Reports of therapeutic hypothermia’s death are greatly exaggerated
I expect you’re completely #FOAMed out by the post-publication frenzy stirred up by the TTM Trial.
If not, you’ve come to the right place!
Mike collated the explosion of initial FOAM responses in All in a lather over TTM and there have since been notable additions such as Scott Aberegg’s Chill Out: Homeopathic Hypothermia after Cardiac Arrest… and ICN’s interview with TTM investigators Niklas Nielsen and Anders Aneman one week after TTM. Soon after, Charles Bruen came with his fascinating blogpost/podcast putting the latest studies in historical perspective: Therapeutic hypothermia: The history of general refrigeration.
Meanwhile I’ve been involved in discussions via Google Hangouts, reading what the big brains on the CCM-L listserv have written, been asking questions of one of the authors, and generally trying to get to grips with the strengths, weakness and implications of this study.
So, have we entered the age of ‘homeopathic hypothermia’ as Scott Aberegg suggests tongue-in-cheekily? Or is there still life in therapeutic hypothermia post-arrest?
I’ll start with the bottom line:
If T36C is good enough for Stephen Bernard, it’s good enough for me too (plus he’s my boss)

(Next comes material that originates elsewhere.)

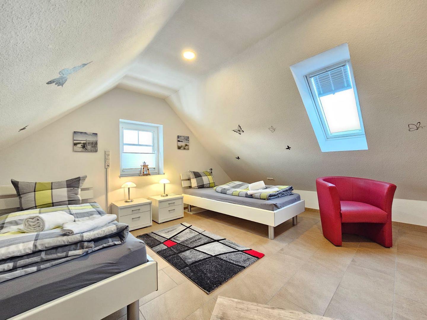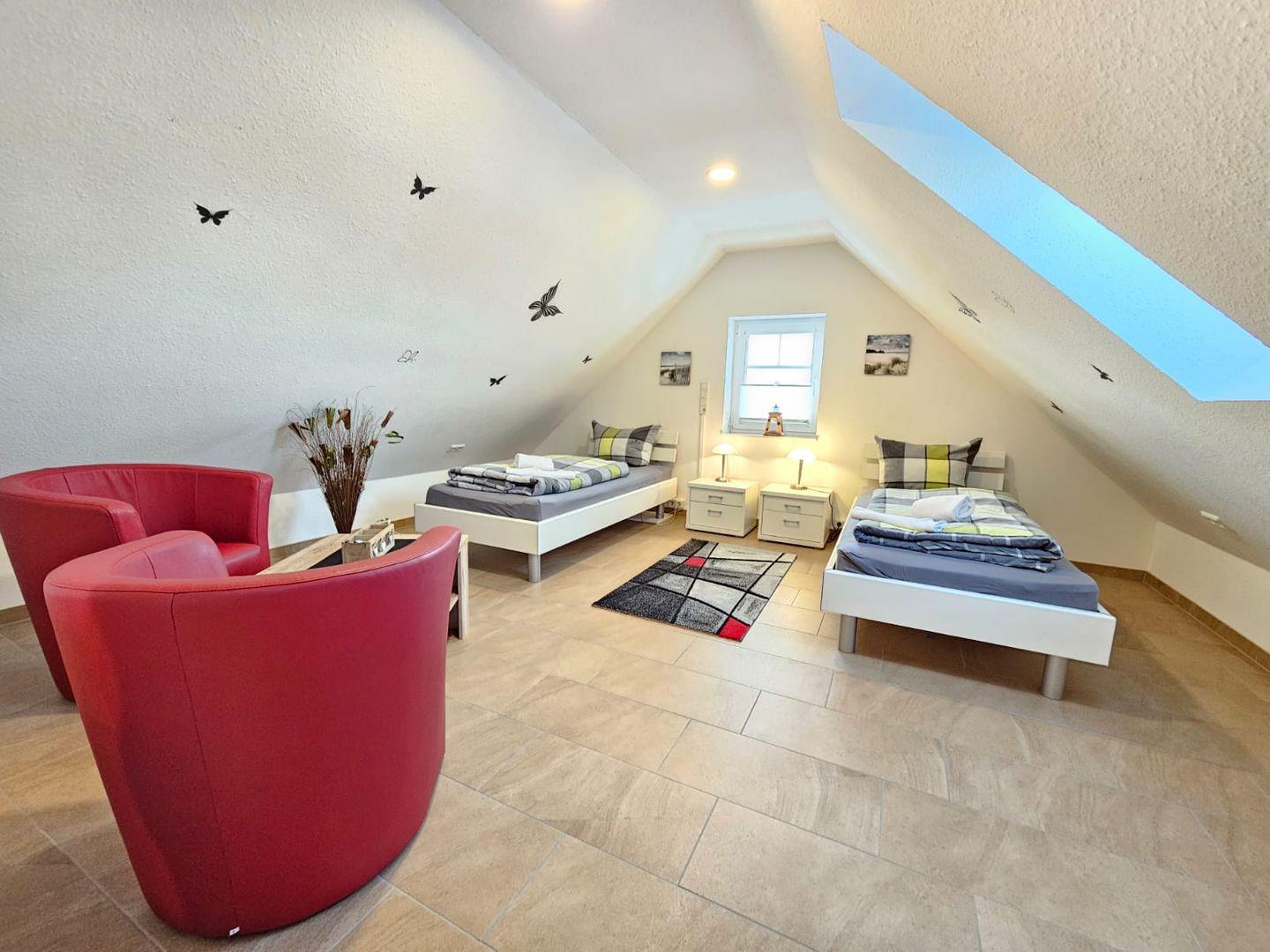 Schlafzimmer (Kinderzimmer): Zwei Einzelbetten, stilvoll eingerichtet und ideal für Kinder oder Jugendliche.

Here is the summary of the TTM trial from the newly updated LITFL CCC page on this topic:
- MCRCT, stratified according to site, no allocation concealment
- 36 ICUs in Europe and Australia
- modified intention-to-treat analysis
- n= 939 (T33C: 473 vs T36C: 466 patients in the primary analysis)
- Population:
— inclusion criteria: Age ≥18y, OOHCA of presumed cardiac cause, sustained ROSC for 20 minutes, GCS <8 after sustained ROSC
— exclusion criteria: . pregnancy, known bleeding diathesis (other than medically induced coagulopathy, e.g. warfarin), suspected or confirmed acute intracranial bleeding or acute stroke, unwitnessed cardiac arrest with initial rhythm asystole, known limitations in therapy and Do Not Resuscitate-order, known disease making 180 days survival unlikely, known pre-arrest Cerebral Performance Category 3 or 4, >4 hours from ROSC to screening, SBP <80 mm Hg in spite of fluid loading/vasopressor and/or inotropic medication/intra aortic balloon pump, temperature on admission <30°C - Intervention: TTM at T33C (cooled my various means to target <6hours, maintained T33C for 36h, then rewarmed at 0.25C per hour; fever actively managed until at least 72 hours after cardiac arrest)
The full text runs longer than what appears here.